The DeepSeek-V4-Pro deepseek-ai/DeepSeek-V4-Pro checkpoint used by the dsv4-fp8-mi355x-vllm benchmark is actually the FP4+FP8 mixed-precision weights (FP4 MoE expert weights dominate the ~960 GB footprint; FP8 only on attention/norm/router and FP8 KV cache at runtime). The matching sister benchmarks already use precision: fp4 on this same checkpoint:

key model precision (after this PR)
dsv4-fp4-mi355x-sglang deepseek-ai/DeepSeek-V4-Pro fp4
dsv4-fp4-mi355x-atom deepseek-ai/DeepSeek-V4-Pro fp4
dsv4-fp4-mi355x-vllm (was dsv4-fp8-mi355x-vllm) deepseek-ai/DeepSeek-V4-Pro fp4
dsv4-fp8-mi355x-sglang sgl-project/DeepSeek-V4-Pro-FP8 (re-quantized full FP8) fp8 (unchanged)

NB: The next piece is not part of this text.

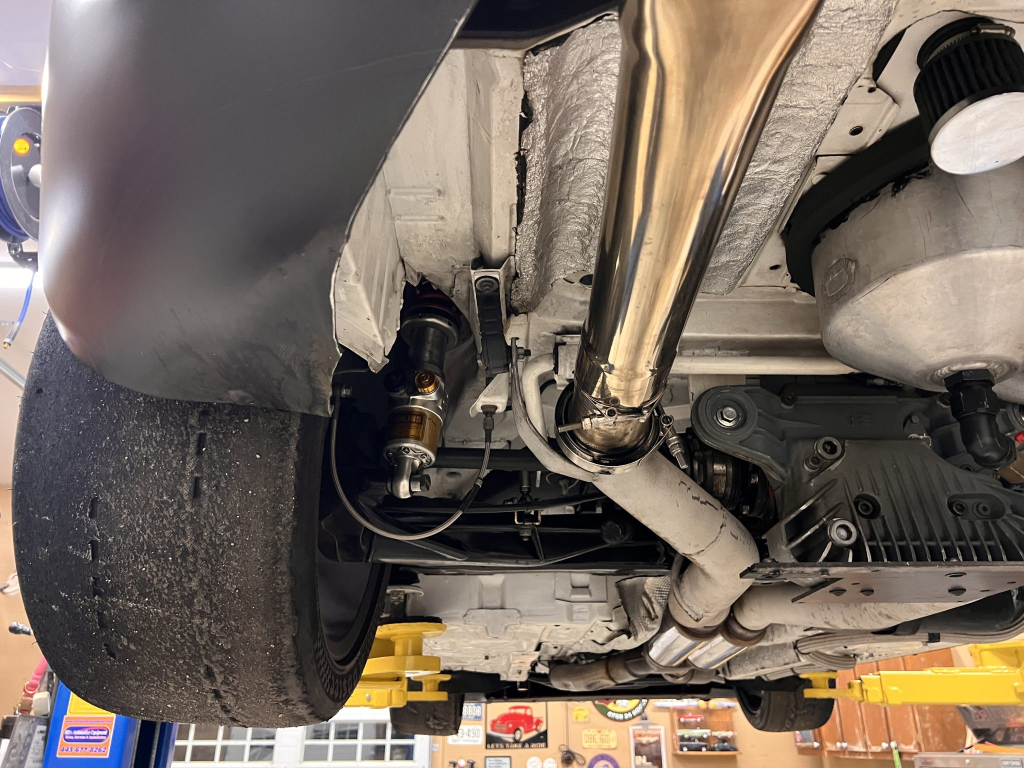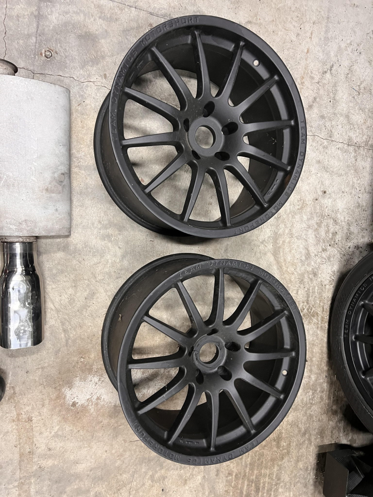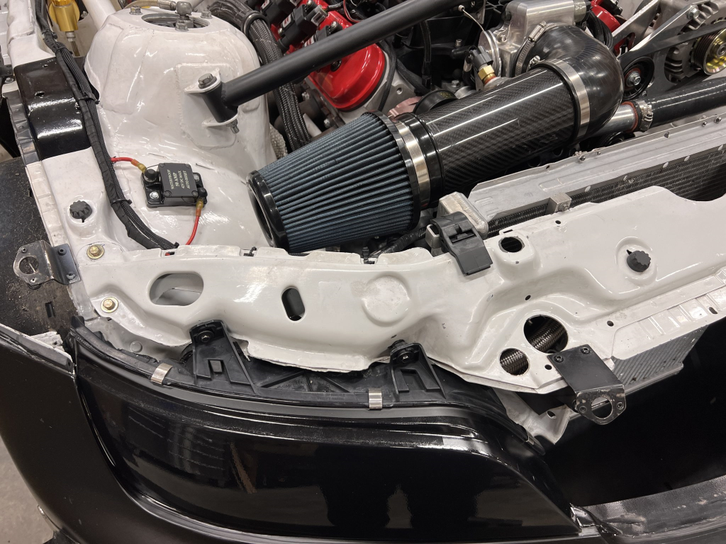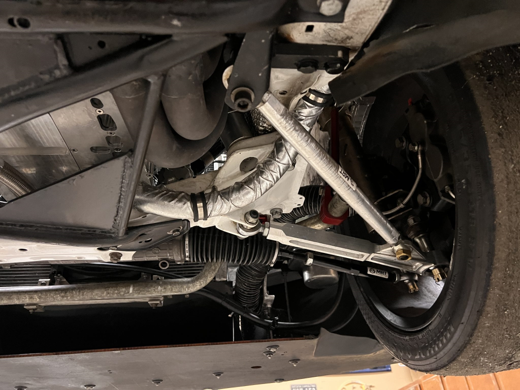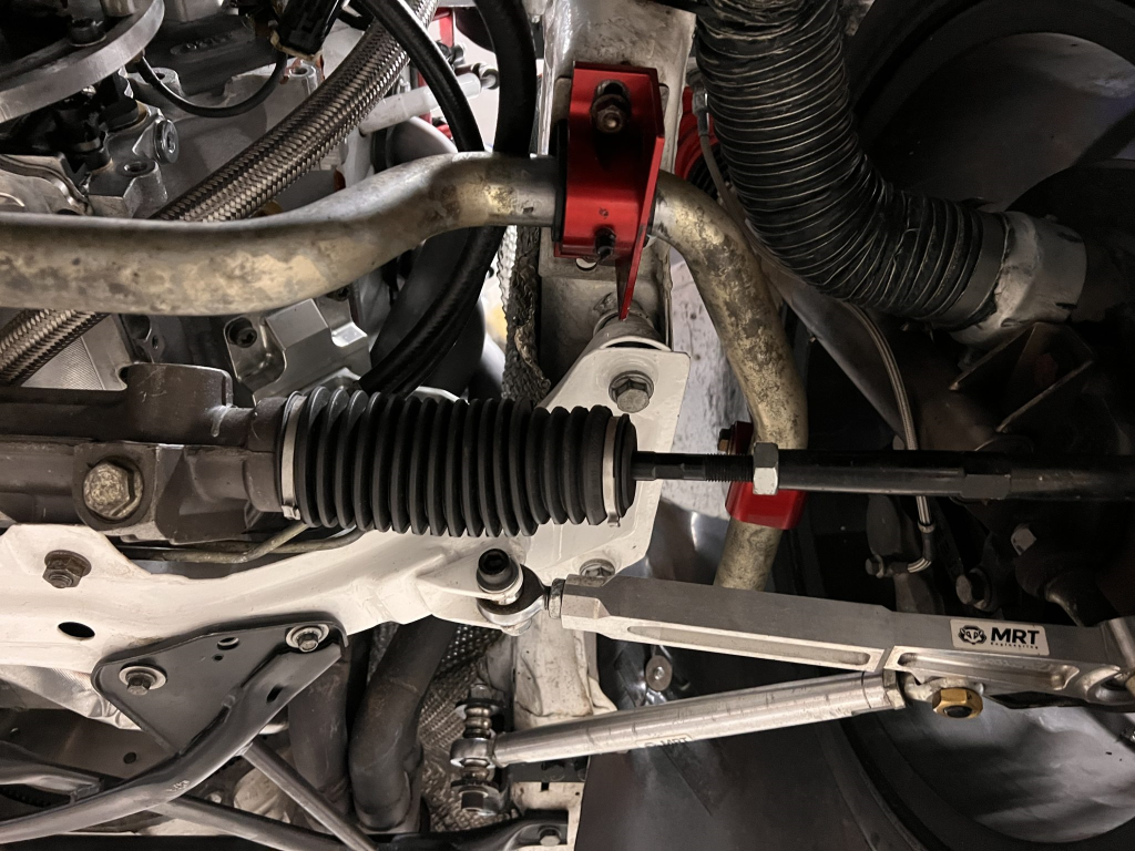 Team Dynamics Motorsport 18″ wheels are secured over Turner Motorsport 86mm studs and have Hoosier rubber mounted. Four-piston AP Racing calipers and 332x32mm rotors are mounted at each corner and utilize stainless-steel lines, a Chase Bays adjustable bias valve, TMS cooling plates, and Wilwood pads. The brake booster has been removed. Reinforements have been added to the front and rear sway bar mounts, the front and rear subframes, the front X-brace, and rear trailing arms. The rear trailing arms and subframe were modified to accommodate fully adjustable DTM-style spherical bushings, while the front subframe was revised to accommodate an MRT Engineering front suspension kit comprised of a solid mount control arm bushing with spherical bushings throughout and billet aluminum control arms and tie rods with bump steer correction. TMS solid aluminum rear subframe bushings have been installed along with a Rogue Engineering differential cover with TMS solid aluminum bushings.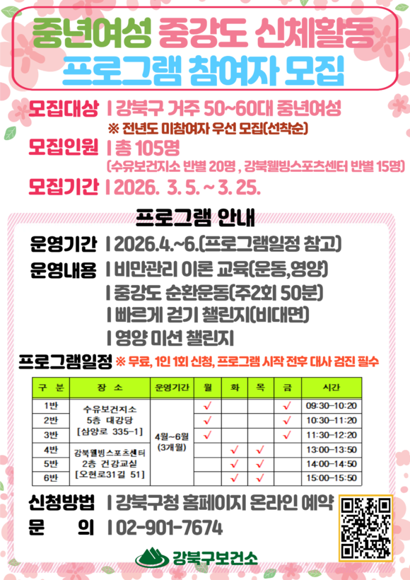 모집 대상은 강북구에 거주하는 1956~1976년생 여성 총 105명이다. 참여 신청은 5일부터 25일까지 강북구청 홈페이지 통합예약 시스템을 통해 선착순으로 진행된다. 프로그램은 4월 1일부터 6월 30일까지 12주간 운영되며, 수유보건지소와 강북웰빙스포츠센터에서 6개 반으로 나뉘어 주 2회, 회당 50분씩 중강도 운동을 실시한다.

This PR also applies the validated MI355X serving recipe from vllm-project/recipes#433 (DeepSeek-V4-Pro, TP=8), which sources its config from vllm-project/vllm#40871. The base vLLM build (PR #40889 with AITER-accelerated sparse MLA decode, pinned in the script) is unchanged; only serving flags / env vars / sweep range are updated.

File / config changes

  • git mv benchmarks/single_node/dsv4_fp8_mi355x_vllm.sh -> dsv4_fp4_mi355x_vllm.sh
  • amd-master.yaml: remove dsv4-fp8-mi355x-vllm block, add dsv4-fp4-mi355x-vllm block next to its dsv4-fp4-* MI355X siblings with precision: fp4
  • perf-changelog.yaml: append entry documenting the rename + recipe adoption

Server-side changes

Before After (recipe #433)
VLLM_ROCM_USE_AITER_LINEAR unset 1
--distributed-executor-backend (default) mp
--max-num-batched-tokens (default) 8192
--async-scheduling off on
--gpu-memory-utilization 0.90 0.6
--max-num-seqs 32 128
--tool-call-parser deepseek_v4 on dropped
--enable-auto-tool-choice on dropped

Tool-call flags were removed because the recipe omits them and throughput benchmarks here don't exercise tool calling. All other existing flags (--kv-cache-dtype fp8, --moe-backend triton_unfused, --enforce-eager, --no-enable-prefix-caching, --tokenizer-mode deepseek_v4, --reasoning-parser deepseek_v4) are preserved.

Sweep changes

dsv4-fp4-mi355x-vllm (formerly dsv4-fp8-mi355x-vllm) was previously pinned to conc=1 only. With --max-num-seqs=128 validated by the recipe, the sweep is expanded to conc 4-64 for both 1k1k and 8k1k, matching dsv4-fp4-mi355x-sglang so vLLM↔SGLang results are directly comparable on the same MI355X runner.

Validated locally:

$ python utils/matrix_logic/generate_sweep_configs.py full-sweep \
    --config-files .github/configs/amd-master.yaml \
    --framework vllm --runner-type mi355x
# 10 dsv4-fp4-mi355x-vllm configs generated (5 per ISL/OSL, tp=8, conc 4..64)

Notes

Test plan

  • Apply sweep-enabled label so run-sweep.yml exercises the renamed key + new flags end-to-end at trimmed concurrency.
  • Confirm the AITER MLA decode build (vLLM PR #40889 SHA b3a4a44) still installs cleanly with the new server flags.
  • Inspect agg_bmk.json for dsv4 mi355x-vllm entries; compare throughput vs. dsv4-fp4-mi355x-sglang and dsv4-fp4-mi355x-atom at matching concurrencies.

…#433

The deepseek-ai/DeepSeek-V4-Pro checkpoint is FP4+FP8 mixed (FP4 MoE
expert weights dominate the ~960 GB footprint, with FP8 only on
attention/norm/router and FP8 KV cache). Reclassify the vLLM MI355X
benchmark as fp4 — matching dsv4-fp4-mi355x-sglang and
dsv4-fp4-mi355x-atom, which use the same checkpoint.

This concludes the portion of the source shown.